DATASET ENTRIES
BEGIN
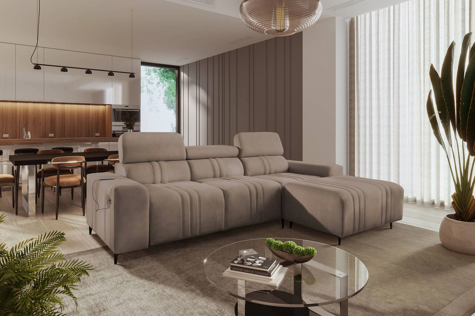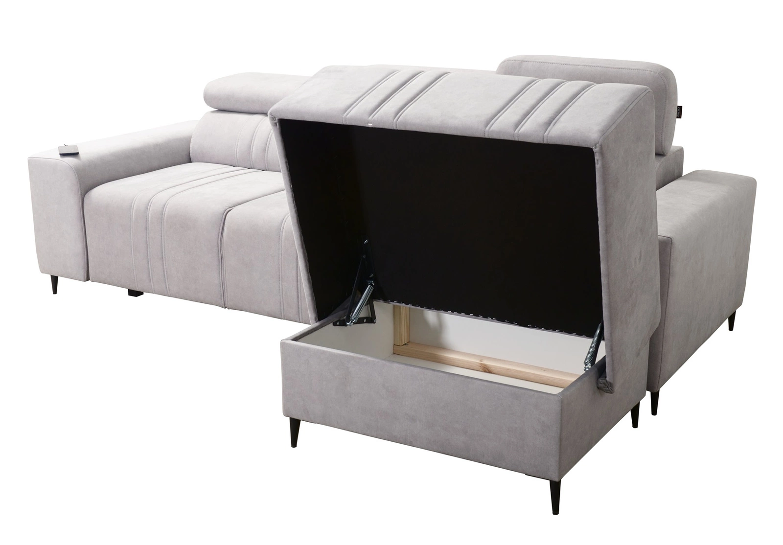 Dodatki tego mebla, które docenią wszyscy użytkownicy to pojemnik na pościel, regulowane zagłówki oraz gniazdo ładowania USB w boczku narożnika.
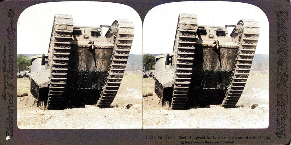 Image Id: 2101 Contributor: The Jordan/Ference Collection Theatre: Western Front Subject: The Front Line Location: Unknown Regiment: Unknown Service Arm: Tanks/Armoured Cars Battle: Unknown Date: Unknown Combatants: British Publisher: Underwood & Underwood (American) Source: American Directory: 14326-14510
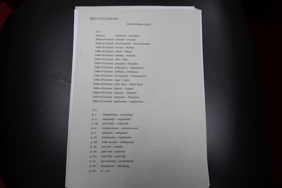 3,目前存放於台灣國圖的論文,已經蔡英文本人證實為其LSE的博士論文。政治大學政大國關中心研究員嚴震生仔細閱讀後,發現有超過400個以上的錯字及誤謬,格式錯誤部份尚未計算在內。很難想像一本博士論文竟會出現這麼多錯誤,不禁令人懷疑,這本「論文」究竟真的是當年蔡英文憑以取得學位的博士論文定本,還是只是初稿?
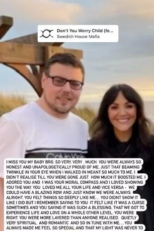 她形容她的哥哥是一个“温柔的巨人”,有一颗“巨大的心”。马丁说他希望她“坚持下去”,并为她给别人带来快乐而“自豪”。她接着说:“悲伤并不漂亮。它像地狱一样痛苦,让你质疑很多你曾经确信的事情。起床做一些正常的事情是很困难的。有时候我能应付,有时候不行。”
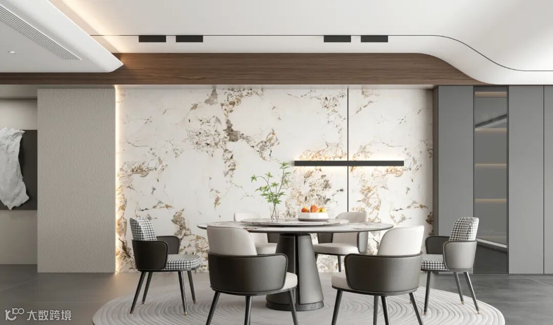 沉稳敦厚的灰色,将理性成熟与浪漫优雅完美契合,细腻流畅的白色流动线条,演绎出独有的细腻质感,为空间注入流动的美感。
END
BEGIN
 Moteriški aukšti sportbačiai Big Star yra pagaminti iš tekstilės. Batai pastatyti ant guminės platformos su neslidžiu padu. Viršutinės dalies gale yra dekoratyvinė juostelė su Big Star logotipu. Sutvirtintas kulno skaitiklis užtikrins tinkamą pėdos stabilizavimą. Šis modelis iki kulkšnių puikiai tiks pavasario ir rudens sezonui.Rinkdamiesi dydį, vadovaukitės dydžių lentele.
END
WORK REQUIRED
Range to print from the listing above: from the line with "Dodatki tego mebla, które" up to and including the line with "Image Id: 2101". Please print those lines exactly, with no pictures and nothing more.

TASK RESULT
 Dodatki tego mebla, które docenią wszyscy użytkownicy to pojemnik na pościel, regulowane zagłówki oraz gniazdo ładowania USB w boczku narożnika.
 Image Id: 2101 Contributor: The Jordan/Ference Collection Theatre: Western Front Subject: The Front Line Location: Unknown Regiment: Unknown Service Arm: Tanks/Armoured Cars Battle: Unknown Date: Unknown Combatants: British Publisher: Underwood & Underwood (American) Source: American Directory: 14326-14510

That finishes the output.